» Work item: The data below should be restated word for word, with every picture omitted.

» Provided data:
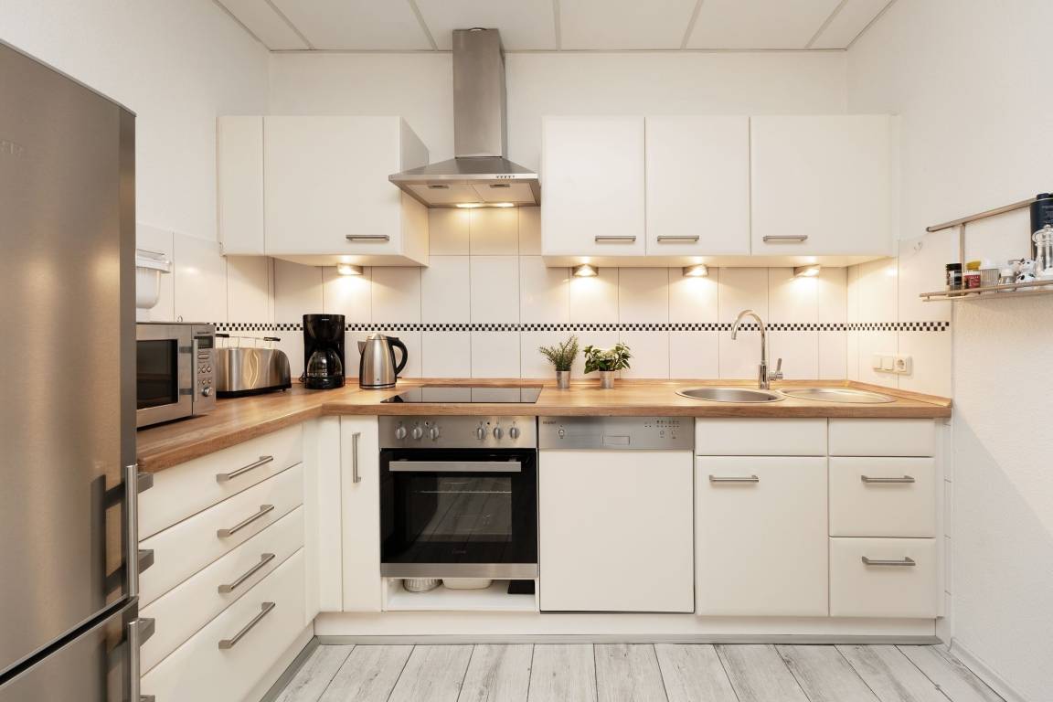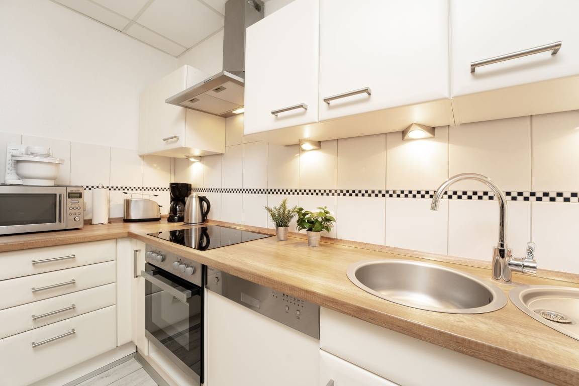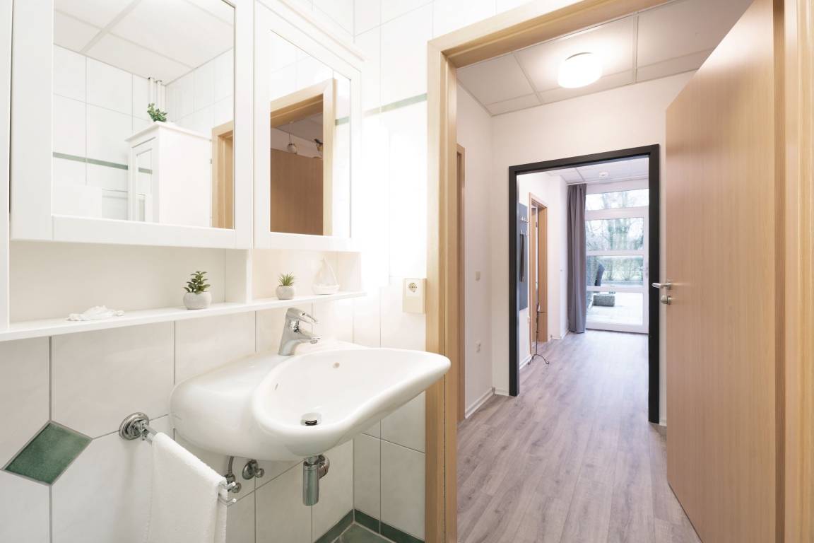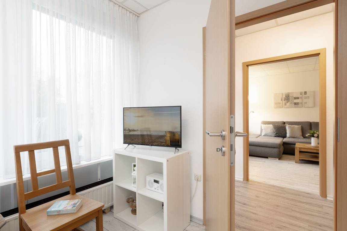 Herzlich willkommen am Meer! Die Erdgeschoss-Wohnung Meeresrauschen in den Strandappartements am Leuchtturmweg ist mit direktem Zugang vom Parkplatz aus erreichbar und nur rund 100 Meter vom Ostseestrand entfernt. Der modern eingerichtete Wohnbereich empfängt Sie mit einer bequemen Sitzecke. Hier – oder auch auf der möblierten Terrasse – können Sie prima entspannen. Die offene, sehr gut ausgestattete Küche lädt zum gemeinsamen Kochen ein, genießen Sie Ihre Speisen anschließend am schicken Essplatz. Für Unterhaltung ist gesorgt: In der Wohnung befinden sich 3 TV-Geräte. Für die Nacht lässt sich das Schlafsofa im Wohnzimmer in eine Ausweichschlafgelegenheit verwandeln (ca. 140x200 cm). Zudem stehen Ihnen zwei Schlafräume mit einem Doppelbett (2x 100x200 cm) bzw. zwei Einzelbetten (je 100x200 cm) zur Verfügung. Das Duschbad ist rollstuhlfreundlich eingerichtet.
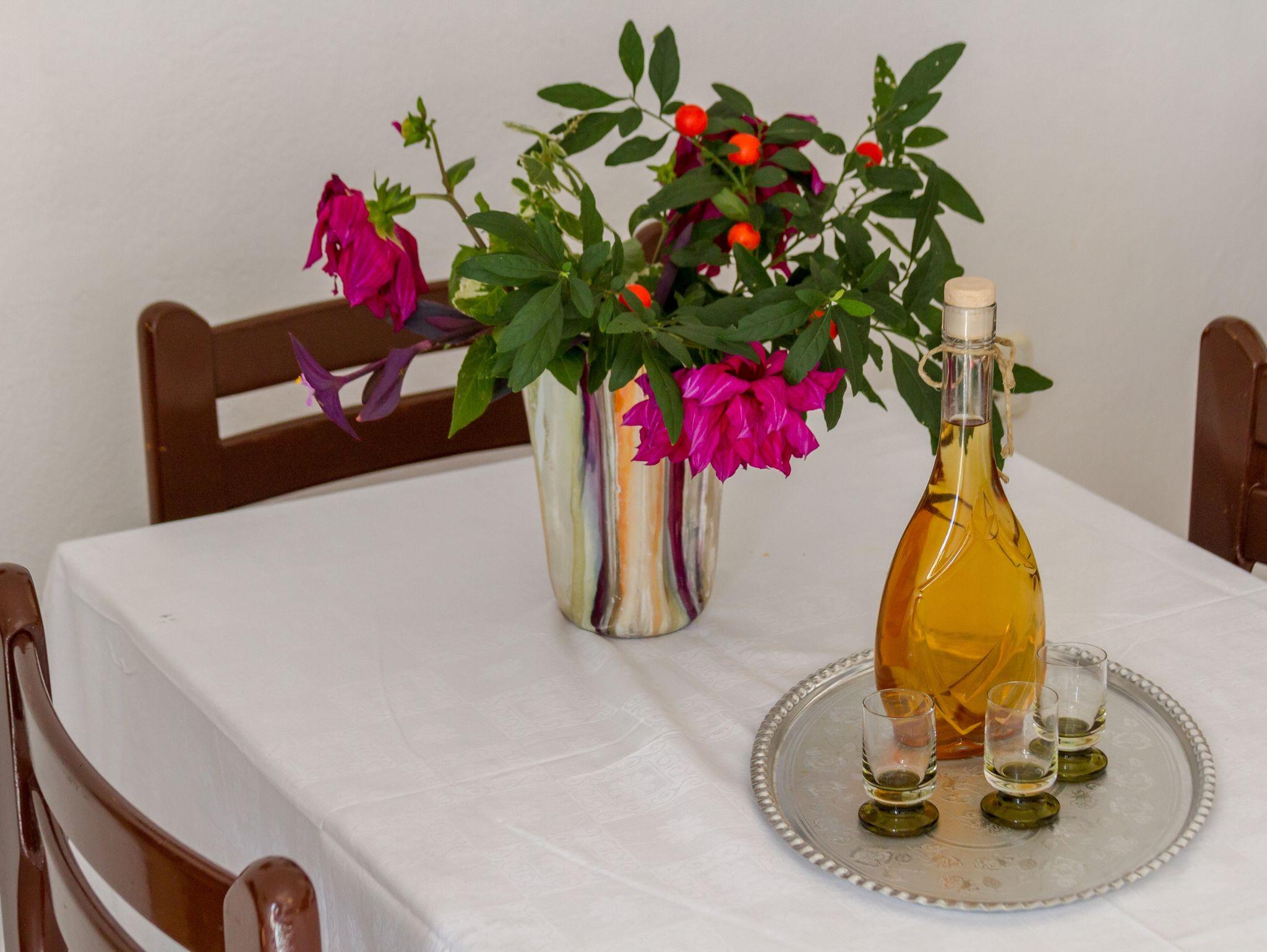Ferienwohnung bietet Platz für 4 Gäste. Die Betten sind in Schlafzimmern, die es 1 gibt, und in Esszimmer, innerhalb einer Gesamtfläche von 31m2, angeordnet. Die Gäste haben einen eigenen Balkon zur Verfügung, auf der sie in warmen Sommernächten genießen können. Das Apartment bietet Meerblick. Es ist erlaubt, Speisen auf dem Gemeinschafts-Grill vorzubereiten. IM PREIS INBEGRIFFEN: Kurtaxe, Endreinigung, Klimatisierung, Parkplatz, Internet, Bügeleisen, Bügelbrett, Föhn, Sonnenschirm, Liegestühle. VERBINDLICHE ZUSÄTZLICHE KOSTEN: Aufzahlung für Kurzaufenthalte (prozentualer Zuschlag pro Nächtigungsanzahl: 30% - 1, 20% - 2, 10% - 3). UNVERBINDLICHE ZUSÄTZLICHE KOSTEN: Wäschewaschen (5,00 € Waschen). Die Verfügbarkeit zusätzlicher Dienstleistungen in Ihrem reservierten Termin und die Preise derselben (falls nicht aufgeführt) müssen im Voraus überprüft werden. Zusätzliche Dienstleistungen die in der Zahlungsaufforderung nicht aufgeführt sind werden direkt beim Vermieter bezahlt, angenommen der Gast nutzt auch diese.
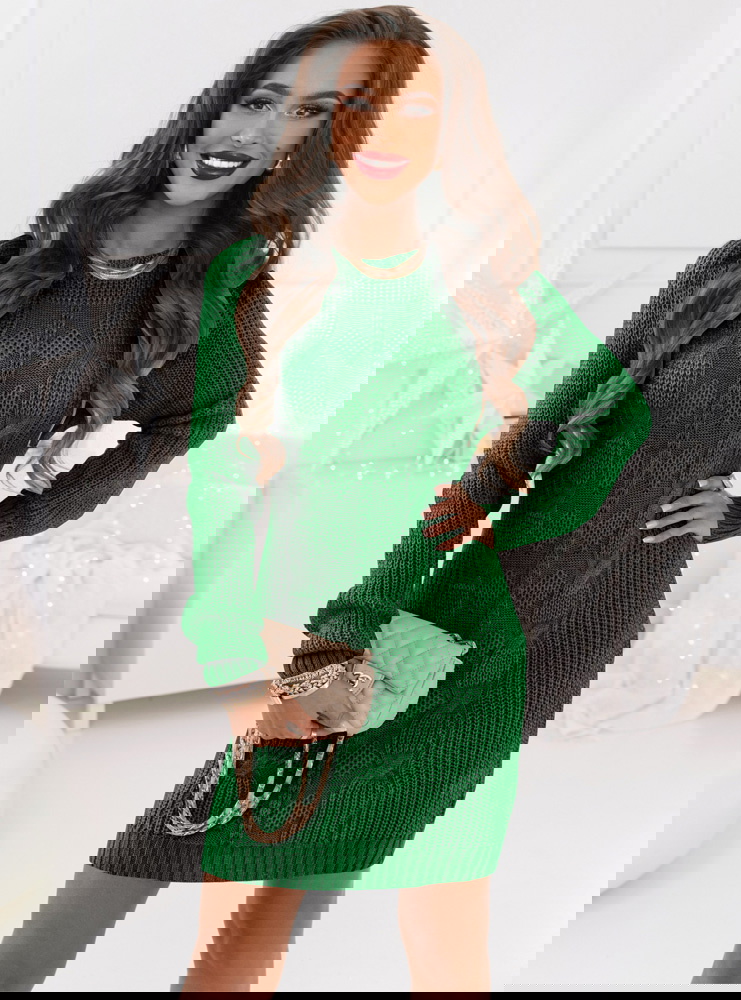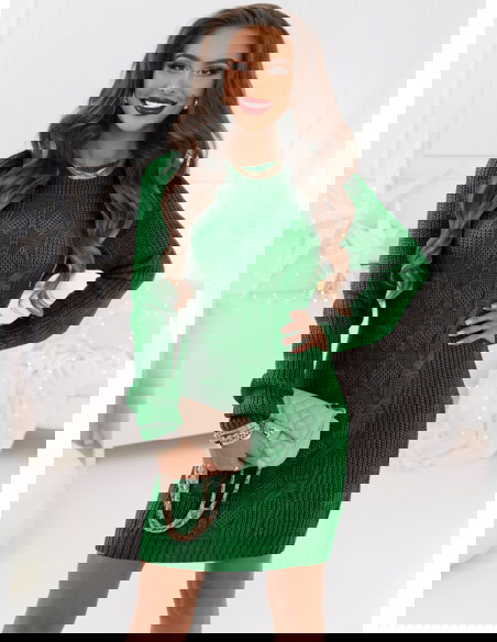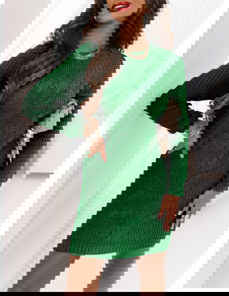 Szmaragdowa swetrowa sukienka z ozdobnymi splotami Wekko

» Finished task:
 Herzlich willkommen am Meer! Die Erdgeschoss-Wohnung Meeresrauschen in den Strandappartements am Leuchtturmweg ist mit direktem Zugang vom Parkplatz aus erreichbar und nur rund 100 Meter vom Ostseestrand entfernt. Der modern eingerichtete Wohnbereich empfängt Sie mit einer bequemen Sitzecke. Hier – oder auch auf der möblierten Terrasse – können Sie prima entspannen. Die offene, sehr gut ausgestattete Küche lädt zum gemeinsamen Kochen ein, genießen Sie Ihre Speisen anschließend am schicken Essplatz. Für Unterhaltung ist gesorgt: In der Wohnung befinden sich 3 TV-Geräte. Für die Nacht lässt sich das Schlafsofa im Wohnzimmer in eine Ausweichschlafgelegenheit verwandeln (ca. 140x200 cm). Zudem stehen Ihnen zwei Schlafräume mit einem Doppelbett (2x 100x200 cm) bzw. zwei Einzelbetten (je 100x200 cm) zur Verfügung. Das Duschbad ist rollstuhlfreundlich eingerichtet.
Ferienwohnung bietet Platz für 4 Gäste. Die Betten sind in Schlafzimmern, die es 1 gibt, und in Esszimmer, innerhalb einer Gesamtfläche von 31m2, angeordnet. Die Gäste haben einen eigenen Balkon zur Verfügung, auf der sie in warmen Sommernächten genießen können. Das Apartment bietet Meerblick. Es ist erlaubt, Speisen auf dem Gemeinschafts-Grill vorzubereiten. IM PREIS INBEGRIFFEN: Kurtaxe, Endreinigung, Klimatisierung, Parkplatz, Internet, Bügeleisen, Bügelbrett, Föhn, Sonnenschirm, Liegestühle. VERBINDLICHE ZUSÄTZLICHE KOSTEN: Aufzahlung für Kurzaufenthalte (prozentualer Zuschlag pro Nächtigungsanzahl: 30% - 1, 20% - 2, 10% - 3). UNVERBINDLICHE ZUSÄTZLICHE KOSTEN: Wäschewaschen (5,00 € Waschen). Die Verfügbarkeit zusätzlicher Dienstleistungen in Ihrem reservierten Termin und die Preise derselben (falls nicht aufgeführt) müssen im Voraus überprüft werden. Zusätzliche Dienstleistungen die in der Zahlungsaufforderung nicht aufgeführt sind werden direkt beim Vermieter bezahlt, angenommen der Gast nutzt auch diese.
 Szmaragdowa swetrowa sukienka z ozdobnymi splotami Wekko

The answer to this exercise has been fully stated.